Immediately after news of French New Wave icon Jean-Luc Godard’s death broke on Tuesday (Sept. 13), tributes have started pouring in from world leaders, fellow filmmakers, artists and cinephiles around the world.
French president Emmanuel Macron was among the first to paid tribute to Godard on Twitter, describing Godard as “the most iconoclastic of New Wave filmmakers, had invented a resolutely modern, intensely free art. We are losing a national treasure, a look of genius.”
Godard, who was internationally revered and whose work paved the way for many filmmakers, was also celebrated by Edgar Wright, the writer-director of “Last Night in Soho,” who wrote on social media that Godard was “one of the most influential, iconoclastic film-makers of them all.”
“It was ironic that he himself revered the Hollywood studio film-making system, as perhaps no other director inspired as many people to just pick up a camera and start shooting,” said Wright.
The British Film Institute called Godard a “giant of cinema who ripped up the rule book.” “From Breathless onwards, he tested the limits of the medium,” read the BFI’s statement.
The Cannes Film Festival released a retrospective of his career highlights on Twitter. “Since his first appearance at the Festival in ‘Cleo de 5 à 7’ in 1962, 21 films by Jean-Luc Godard have been screened in Cannes,” the festival wrote on social media.

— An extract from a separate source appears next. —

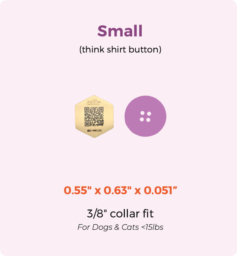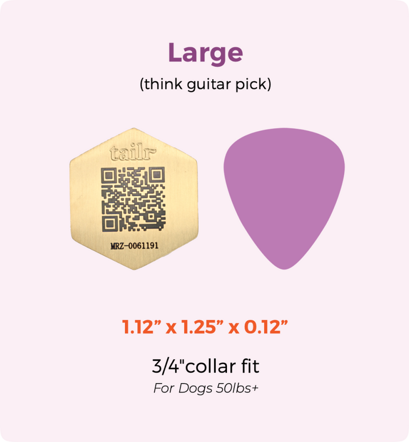 The Slide-On Tailr Tag fits securely on your pet’s collar, staying silent and tangle-free. Choose from three durable, weather-resistant sizes for your pet’s comfort—small (shirt button), medium (postage stamp), and large (guitar pick).

Godard presented his last film “The Image Book,” a kaleidoscopic bulletin spanning 200 years of history, in competition at the Cannes Film Festival in 2018 and was celebrated with the Special Palme d’Or. Godard was also planning to adapt “The Image Book” into an exhibit in Paris, Madrid, New York and Singapore before the pandemic hit. In 2014, he won the Jury prize at the Cannes Film Festival (shared with Xavier Dolan’s “Mommy”) with “Farewell to Language” in which he experimented with 3D and delivered a meditation on the state of the world.
The French Cinematheque, meanwhile, announced Godard’s death with one of his spirited quotes — “Cinema is not immune to time. It is immune to time.”
“We are saddened to hear that highly acclaimed and influential film director, screenwriter and film critic, Jean-Luc Godard, has died at the age of 91,” the BAFTA tweeted.
The news was first reported in Liberation on Tuesday morning (Sept. 13) and later confirmed by Godard’s family in a statement which read: “There will not be any official ceremony. Jean-Luc Godard died peacefully in his home surrounded with his close ones. He will be incinerated.”
The Franco-Swiss filmmaker received major European film awards including the Golden Berlin Bear for hypnotic sci-fi movie “Alphaville” (1965) and the Venice Golden Lion for the frankly erotic “First Name: Carmen” (1983). Although he never received an Academy Award nomination, he won an Honorary Oscar in 2010.